Monday, January 24, 2011

expanding an understanding of our hands...

I have a busy day with 4 classes and I'm a bit nervous as to how it will go, introducing some new things and keeping some students turning bowls on the lathe, which is always a bit scary until I get them in the groove.

I know you all are also busy, and so I thank you all for taking my interests seriously.

I am thinking back to a few years ago, when research was announced that drew a connection between math performance and instrumental music. The side of that that most people seemed to get was that music and math are connected. Music is mysterious and math for some is also mysterious, and so at a first glance, we would naturally jump to the conclusion that the research proved the connection between music and math, which I for one would never doubt.

But there is something more in it, and that is the word "instrumental" which implies the use of musical instruments, which further implies the use of the hands. The hands are generally ignored, because in their most cognitively efficient use, they have to be. And so people would not look at that research and say "My God, it's the hands!" Which is what might happen if you have a "hand centric" view of reality as do those of us who are concerned with the Wisdom of the Hands.

So one of the things one might do to expand the dialog, and bring the hands into further consideration in research would be to expand the range of tools considered and the types of people utilized in the research, drawing a connection between the performance of instrumental music and the cutting with a chisel of a dovetail joint,  making a series of precise bends with pliers,  knitting a scarf, or doing an intricate braid. I am reminded of being at the seaside market in Helsinki and watching a woman knit gloves. It is something that could be performed inside an MRI machine with non metallic needles and might offer research possibilities further illustrating the role of the hands in development of intellect.

The early research on music and math made people think, "We need to have music in school." You can see how far that got us. But an understanding of the hands would make a person think, "We need to have the hands in schooling." Which offers a much more fundamental  all inclusive shift in education. The hands need to form the cutting edge of all learning in order for it to be most effective and valuable to all students. For as Jacob Bronowski said, "The hands are the cutting edge of the mind."

I hope you all have some time to think about all this. Can some of the existing body of research on music be replicated using common creative tools employed by craftsmen to better illustrate that it is not just the music that makes the man, but the HANDS that make the music AND make the man?

In the photo at left, you can see legs for a small cabinet being marked for mortises to be cut. It is important that each leg be carefully marked even though the mortiser setup including stop blocks will be responsible for the accuracy of the process.
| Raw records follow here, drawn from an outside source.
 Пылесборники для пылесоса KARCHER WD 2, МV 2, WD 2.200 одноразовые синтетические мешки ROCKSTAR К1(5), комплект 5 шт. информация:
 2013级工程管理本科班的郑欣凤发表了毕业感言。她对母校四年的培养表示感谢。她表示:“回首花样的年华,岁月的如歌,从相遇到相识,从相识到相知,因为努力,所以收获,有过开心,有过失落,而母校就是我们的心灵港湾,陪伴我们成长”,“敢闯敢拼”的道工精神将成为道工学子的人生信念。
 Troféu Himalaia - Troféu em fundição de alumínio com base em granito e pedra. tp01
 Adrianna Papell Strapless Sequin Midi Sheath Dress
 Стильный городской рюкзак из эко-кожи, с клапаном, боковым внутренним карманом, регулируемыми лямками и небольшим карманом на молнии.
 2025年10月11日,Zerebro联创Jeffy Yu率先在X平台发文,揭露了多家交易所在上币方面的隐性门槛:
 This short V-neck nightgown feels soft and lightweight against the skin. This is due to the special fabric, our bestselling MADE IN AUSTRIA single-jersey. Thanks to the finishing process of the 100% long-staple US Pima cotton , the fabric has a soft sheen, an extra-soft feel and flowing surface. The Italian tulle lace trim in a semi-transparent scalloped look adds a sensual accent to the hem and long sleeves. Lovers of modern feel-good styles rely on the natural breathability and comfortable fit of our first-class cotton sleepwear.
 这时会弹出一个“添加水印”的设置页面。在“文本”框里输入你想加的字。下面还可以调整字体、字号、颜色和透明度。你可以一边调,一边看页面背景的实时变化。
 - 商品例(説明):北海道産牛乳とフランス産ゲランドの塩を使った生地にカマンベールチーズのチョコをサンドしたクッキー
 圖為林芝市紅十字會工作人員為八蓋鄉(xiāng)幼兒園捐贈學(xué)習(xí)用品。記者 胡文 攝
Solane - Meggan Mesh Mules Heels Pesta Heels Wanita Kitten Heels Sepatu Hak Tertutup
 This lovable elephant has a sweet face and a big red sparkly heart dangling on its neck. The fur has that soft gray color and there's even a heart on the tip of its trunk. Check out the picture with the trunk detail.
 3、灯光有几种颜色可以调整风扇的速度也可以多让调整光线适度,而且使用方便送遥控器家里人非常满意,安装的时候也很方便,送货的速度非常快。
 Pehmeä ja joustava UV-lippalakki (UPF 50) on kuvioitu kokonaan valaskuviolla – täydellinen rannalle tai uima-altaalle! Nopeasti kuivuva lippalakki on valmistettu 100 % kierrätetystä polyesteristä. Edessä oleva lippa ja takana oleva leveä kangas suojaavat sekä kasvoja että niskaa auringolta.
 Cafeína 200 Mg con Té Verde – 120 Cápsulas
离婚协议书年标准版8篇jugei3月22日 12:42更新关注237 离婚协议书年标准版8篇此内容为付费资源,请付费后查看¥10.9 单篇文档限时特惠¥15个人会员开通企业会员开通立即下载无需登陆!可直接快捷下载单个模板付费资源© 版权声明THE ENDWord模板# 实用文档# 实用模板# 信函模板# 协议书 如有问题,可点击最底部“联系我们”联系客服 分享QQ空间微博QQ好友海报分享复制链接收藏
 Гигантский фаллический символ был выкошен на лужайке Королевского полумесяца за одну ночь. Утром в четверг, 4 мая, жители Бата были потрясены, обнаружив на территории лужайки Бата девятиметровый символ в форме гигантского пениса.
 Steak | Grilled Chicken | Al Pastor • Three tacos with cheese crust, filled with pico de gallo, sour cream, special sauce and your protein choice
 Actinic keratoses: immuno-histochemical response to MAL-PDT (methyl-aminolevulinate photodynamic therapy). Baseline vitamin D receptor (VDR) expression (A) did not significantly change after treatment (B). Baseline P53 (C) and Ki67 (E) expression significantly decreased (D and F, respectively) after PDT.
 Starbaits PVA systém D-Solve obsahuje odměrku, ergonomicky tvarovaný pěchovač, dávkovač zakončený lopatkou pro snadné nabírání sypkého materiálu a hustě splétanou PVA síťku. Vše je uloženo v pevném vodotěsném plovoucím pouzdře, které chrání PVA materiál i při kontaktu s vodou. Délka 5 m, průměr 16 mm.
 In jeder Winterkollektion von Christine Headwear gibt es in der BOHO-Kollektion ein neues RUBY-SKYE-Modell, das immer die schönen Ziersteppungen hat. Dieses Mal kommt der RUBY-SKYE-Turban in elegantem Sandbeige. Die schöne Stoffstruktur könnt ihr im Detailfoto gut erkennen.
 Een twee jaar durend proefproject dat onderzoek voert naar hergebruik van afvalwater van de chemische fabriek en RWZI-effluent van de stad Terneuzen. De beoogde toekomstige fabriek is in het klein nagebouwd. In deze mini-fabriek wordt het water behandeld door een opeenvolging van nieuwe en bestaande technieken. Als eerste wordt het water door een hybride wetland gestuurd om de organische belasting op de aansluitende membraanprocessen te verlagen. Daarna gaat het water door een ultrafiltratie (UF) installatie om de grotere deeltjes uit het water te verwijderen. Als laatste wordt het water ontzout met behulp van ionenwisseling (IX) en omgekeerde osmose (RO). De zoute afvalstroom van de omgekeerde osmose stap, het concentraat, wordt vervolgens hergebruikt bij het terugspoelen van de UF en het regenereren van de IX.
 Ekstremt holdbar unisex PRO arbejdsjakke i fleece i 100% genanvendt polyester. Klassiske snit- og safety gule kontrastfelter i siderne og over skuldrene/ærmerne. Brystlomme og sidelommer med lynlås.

It is very easy to get confused when the machine is running and you get into the pattern of cutting one after the other.

Make, fix, create.

3 comments:

  1. Anonymous10:54 AM

    Than you, for the thinking you provoke.

    Mario

    ReplyDelete
  2. Mario, I truly value the friendship and encouragement of those few readers who have been with me on this blogging adventure since the beginning. Back in the earliest days, I would have one or two visitors a day. Now I have hundreds each day, and the readers come from all over the world. At some point, I will fall silent and plan to leave a general public fully cognizant of the values of hands-on learning. Then there will be those who will go right back to where we this started, and then someone else will notice a few things about their hands. It is like being in a Disney moving and celebrating the "circle of life."

    It seems that some things are happening in the natural swing of things from one extreme to the other. And so we are reading more in the media about shop classes and all that we have arranged to do away with.

    ReplyDelete
  3. Anonymous10:43 AM

    Doug:

    You've started something valuable, and I have no doubt it is gaining strength. You don't have to feel like the lone voice in the wilderness.